Shadrach Kabango, a.k.a. Shad, is the new host of CBC Radio’s Q, it was announced last night. He starts in mid-April—a few weeks after headlining Massey Hall for the first time.


It couldn’t go to a nicer guy. Shad is a real mensch, a positive force, an artist with insatiable curiosity, and an incredibly talented wordsmith who has made some of the finest hip-hop in Canadian history.


So there’s that.


But is he the right host for Q?


The CBC is no doubt basking in the great press that Shad’s appointment will get. That’s because a lot of people know and love Shad – and deservedly so. There is no way that any kind of splash would be made if someone inside the CBC, or even merely anyone with journalism or radio experience, was named the new host of Q.

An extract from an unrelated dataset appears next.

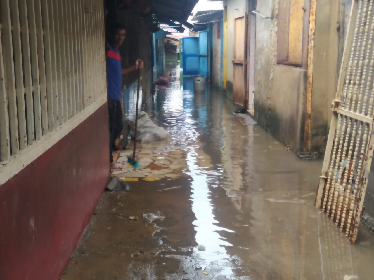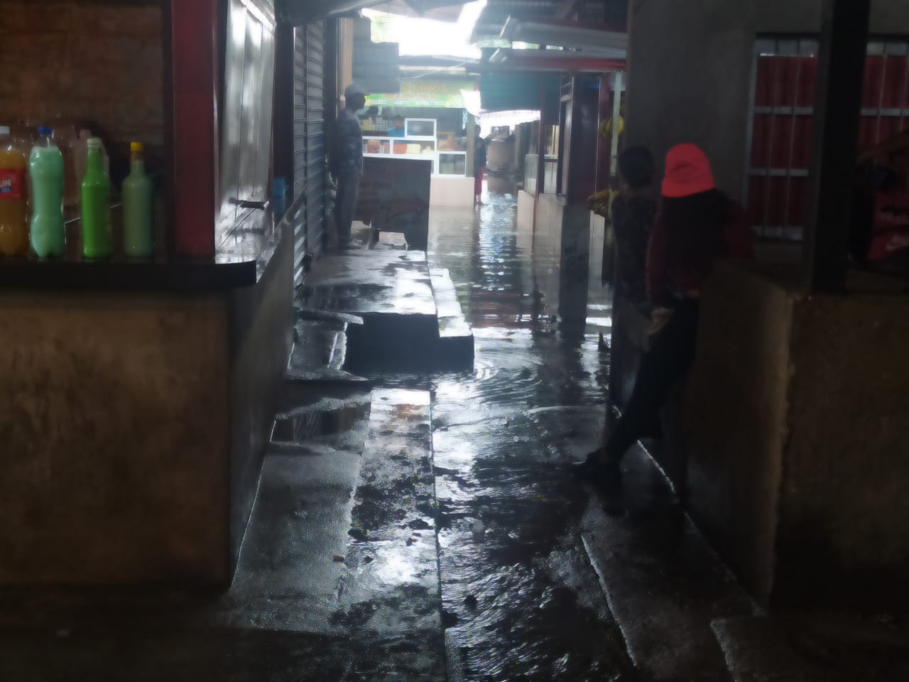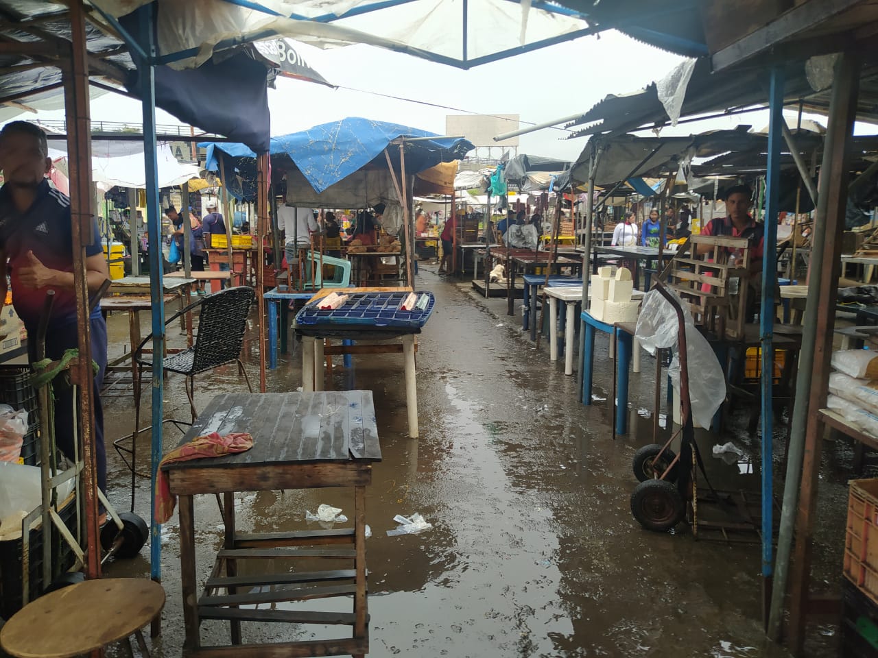 En medio de un fuerte aguacero PRIMICIA constató las deficiencias del mercado en un pequeño recorrido por las instalaciones el pasado 21 de septiembre: el colapso de las alcantarillas anegó pasillos en el área del pollo y pequeños restaurantes, aunque los techos de los negocios no presentaban filtraciones, pues por cuenta propia tratan de mantener los locales.

This is a job only for artists, apparently. Cindy Witten, head of CBC Radio Talk, said in the press release announcing the hire: "We found there were different points of connection with the guests when the host was a creator or an artist themselves."


This has been evident ever since the early 2000s, the era that ushered in Jian Ghomeshi as a CBC personality. Ghomeshi was a musician of some renown before he moved into broadcasting (although, as it has been often pointed out, only the CBC would consider Moxy Fruvous hip and edgy). So was Sook-Yin Lee, the host of Definitely Not the Opera. Later on, so was Buck 65 (host of CBC Radio 2 Drive) and Molly Johnson (host of CBC Radio 2 Weekend Morning) and Julie Nesrallah (host of CBC Radio 2 Tempo). At least Sook-Yin Lee had hosted television and Buck 65 had done campus radio—most celebrities the CBC hires are green in a radio studio. Randy Bachman—don’t get me started (apparently Wikipedia passes for research and script-writing). The assumption is that anyone can be moulded into a CBC personality.

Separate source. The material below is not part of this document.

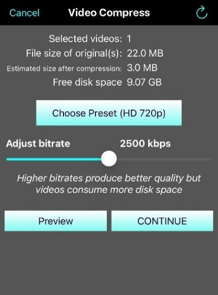 Step4: After this, "continue", and the Shrink Vids app will compress your videos and save them to the Compressed Videos folder.

True, it did work for Ghomeshi. But it sure took time. He was on TV first. Then he guest hosted Sounds Like Canada and did limited-run series like 50 Tracks and Canada Reads. By the time he started at Q, he had plenty of broadcasting experience. And, as we now all know, he had an incredibly strong (and suffering) support team at Q propping him up. I found Q unlistenable for its first few years, before Ghomeshi started hitting his stride. Admittedly, as someone with plenty of interviewing and broadcast experience, I also tasted sour grapes: Come on, I thought, I know 20 people who could do a better job. But then Ghomeshi got better—much better. It’s why his fall from grace had such an impact. He was no longer a joke.


Shad does not have the experience Ghomeshi had at Q’s start. Shad’s week-long guest run as Q host was no better or worse than anyone else being tried on-air. His beginnings are going to be bumpy. The CBC hopes they can just announce his name and snap their fingers and everything is going to be hunky-dory. It will not. Goodwill is going to have to carry him a long way—and, again, to be clear, Shad has enough of it to make it possible.


But amidst the excitement and optimism, it has to be said: journalists need not apply for these kinds of positions. It’s the same reason ex-athletes are hired to be sportscasters. Anyone can do it, right? Don’t even bother going to school for training. Get famous—or even semi-famous—first.


Let’s hope we don’t lose Shad the artist. Go see him at Massey Hall on March 27 and celebrate.

1 comment:

Anonymous said...

C'mon, I think you know better than most that Shad is anything but 'famous'; in the same way most Polaris Prize nominees aren't exactly household names. Amazed that the CBC actually made this hire - maybe they have always pushed artists, but this guy is so not at all what I thought they'd go for for such a highprofile show.